• **SUPPLIED DATA**
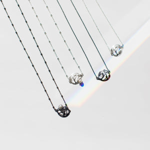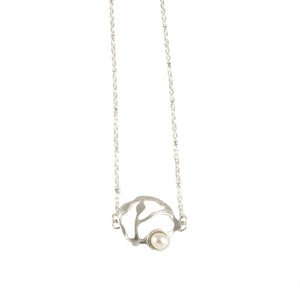 • Our petite pearl cluster necklace offers a minimalist, delicate look to complement any outfit. The piece features a freshwater pearl carefully mounted on a seaweed cluster crafted from brushed sterling silver. The necklace is 16" in length with an o-ring clasp. Every piece is handcut and smoothed with meticulous detail. Handcrafted in Washington, DC.
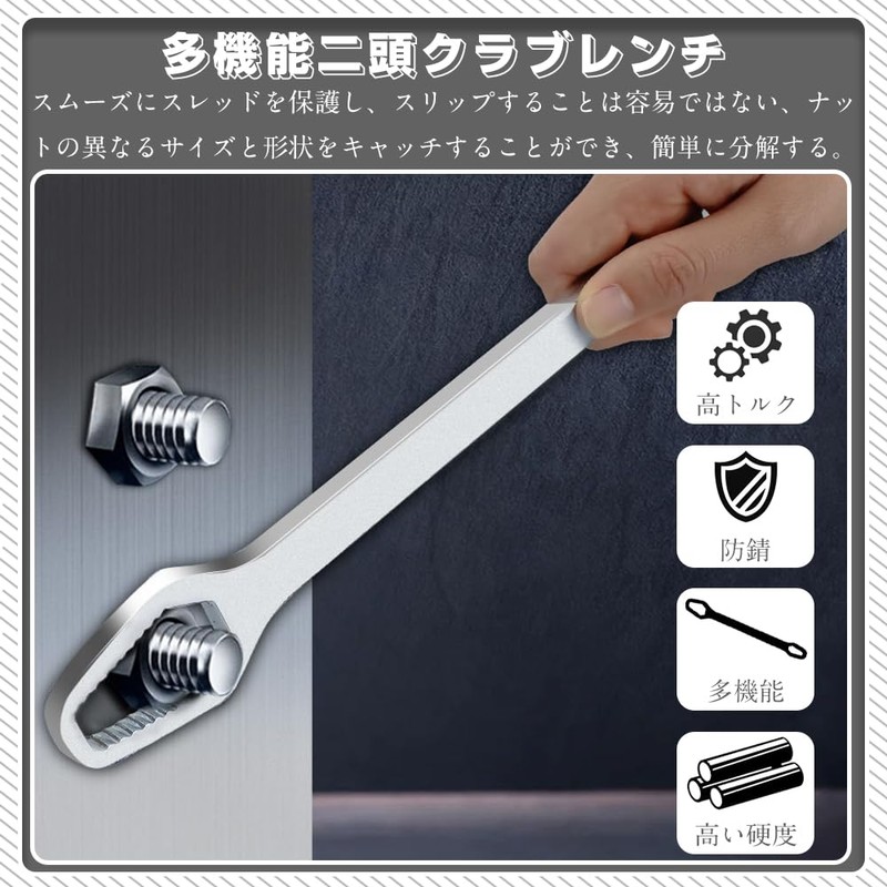- Multi-functional double head club wrench, smooth and protects threads, not easy to slip, can catch different sizes and shapes of nuts, and can be easily disassembled
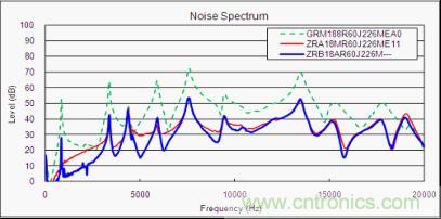 圖6:ZR*18(嘯叫抑制產(chǎn)品)和GRM18(通用產(chǎn)品)的嘯叫等級比較
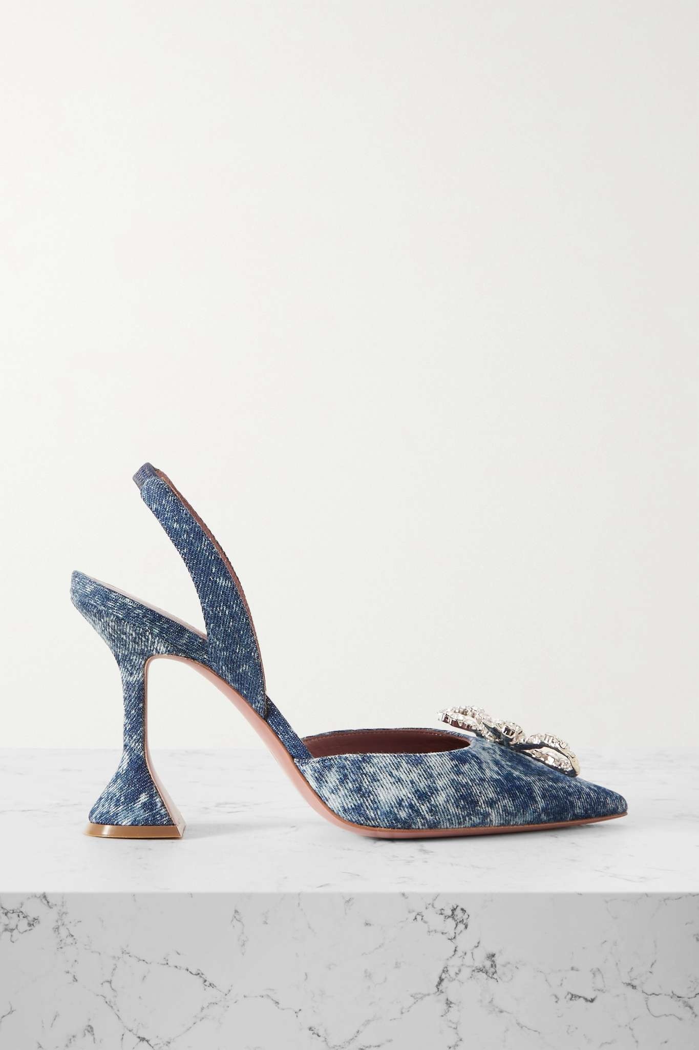 EDITORS'NOTES Amina Muaddi's designs are often associated with <i>objects d'art</i>, and admired up close, these 'Rosie' slingback pumps are a testament to the comparison. They've been made in Italy from acid-washed denim with crystal bow embellishments and rest on the brand's sculptural fluted heels. SIZE & FIT - Fits true to size, take your normal size - Italian sizing DETAILS & CARE - Heel measures approximately 95mm/ 4 inches - Tonal-blue denim - Elasticated slingback strap - Designer color: Denim Acid
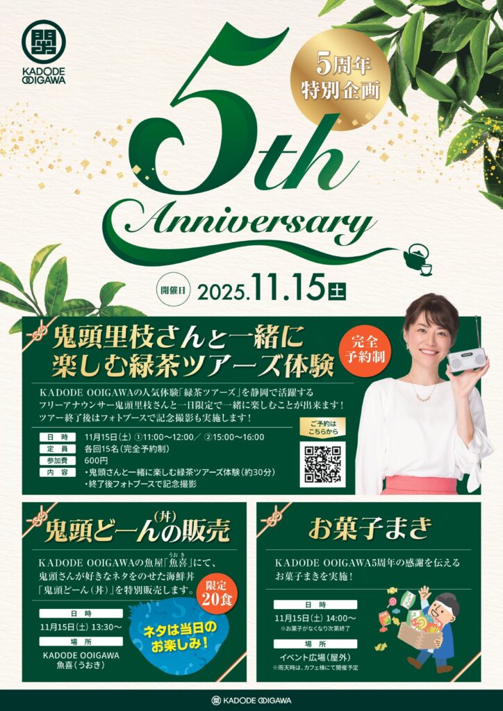 KADODE OOIGAWAの5周年を記念して、フリーアナウンサー鬼頭里枝さんをお迎えし、1日限定の特別イベントを開催します。緑茶体験や限定グルメ、お菓子まきなど、盛りだくさんの内容でお届けします。
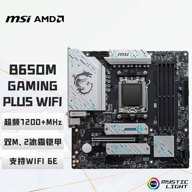 微星 B650M GAMING PLUS WIFI主板 支持CPU 7800X3D/9700X/9600X/7500F (AMD B650/AM5接口)
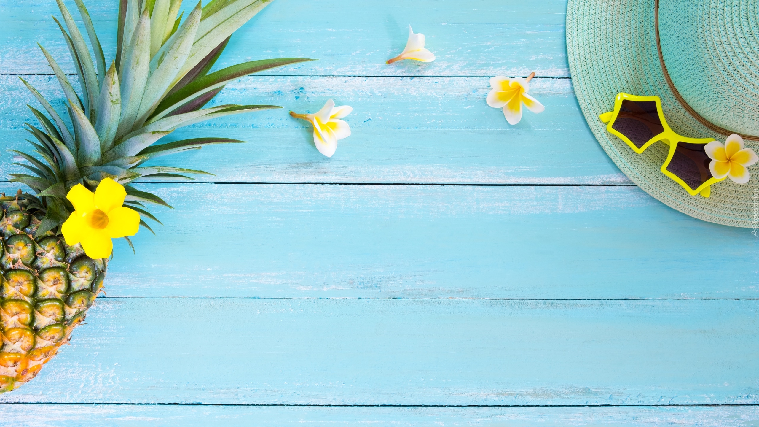 Edytor tapety: Ananas i kapelusz na niebieskich deskach
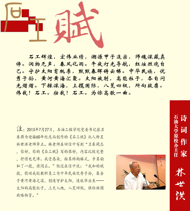 井架与采油机交叉重叠、互为衬托,刚柔相济,动静结合,井架两侧配以夸张的双翼造型,既像一本打开的书本,又像两只振翅冲天的大鹏。代表油气井工程和油气田开发两大国家重点学科融合交叉,共同发展,学术日益繁荣。
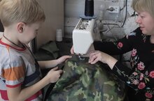 Юный волонтëр Шевелев Серафим ученик 1 класса Б. Фроловской ООШ в неделю добра помогает маме, которая работает руководителем "Гуманитарного склада" в пошиве тактических носилок для военнослужащих в зону СВО. 05.11.2022
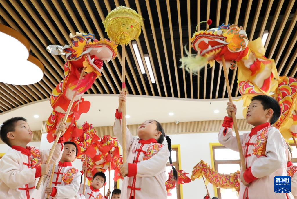 2月28日,在山東省濱州市博興縣一幼兒園,小朋友體驗傳統舞龍。

• **EXERCISE DESCRIPTION**
Write the material out again exactly as it appears, dropping the pictures.

• **YOUR SOLUTION**
 • Our petite pearl cluster necklace offers a minimalist, delicate look to complement any outfit. The piece features a freshwater pearl carefully mounted on a seaweed cluster crafted from brushed sterling silver. The necklace is 16" in length with an o-ring clasp. Every piece is handcut and smoothed with meticulous detail. Handcrafted in Washington, DC.
- Multi-functional double head club wrench, smooth and protects threads, not easy to slip, can catch different sizes and shapes of nuts, and can be easily disassembled
 圖6:ZR*18(嘯叫抑制產(chǎn)品)和GRM18(通用產(chǎn)品)的嘯叫等級比較
 EDITORS'NOTES Amina Muaddi's designs are often associated with <i>objects d'art</i>, and admired up close, these 'Rosie' slingback pumps are a testament to the comparison. They've been made in Italy from acid-washed denim with crystal bow embellishments and rest on the brand's sculptural fluted heels. SIZE & FIT - Fits true to size, take your normal size - Italian sizing DETAILS & CARE - Heel measures approximately 95mm/ 4 inches - Tonal-blue denim - Elasticated slingback strap - Designer color: Denim Acid
 KADODE OOIGAWAの5周年を記念して、フリーアナウンサー鬼頭里枝さんをお迎えし、1日限定の特別イベントを開催します。緑茶体験や限定グルメ、お菓子まきなど、盛りだくさんの内容でお届けします。
 微星 B650M GAMING PLUS WIFI主板 支持CPU 7800X3D/9700X/9600X/7500F (AMD B650/AM5接口)
 Edytor tapety: Ananas i kapelusz na niebieskich deskach
 井架与采油机交叉重叠、互为衬托,刚柔相济,动静结合,井架两侧配以夸张的双翼造型,既像一本打开的书本,又像两只振翅冲天的大鹏。代表油气井工程和油气田开发两大国家重点学科融合交叉,共同发展,学术日益繁荣。
 Юный волонтëр Шевелев Серафим ученик 1 класса Б. Фроловской ООШ в неделю добра помогает маме, которая работает руководителем "Гуманитарного склада" в пошиве тактических носилок для военнослужащих в зону СВО. 05.11.2022
 2月28日,在山東省濱州市博興縣一幼兒園,小朋友體驗傳統舞龍。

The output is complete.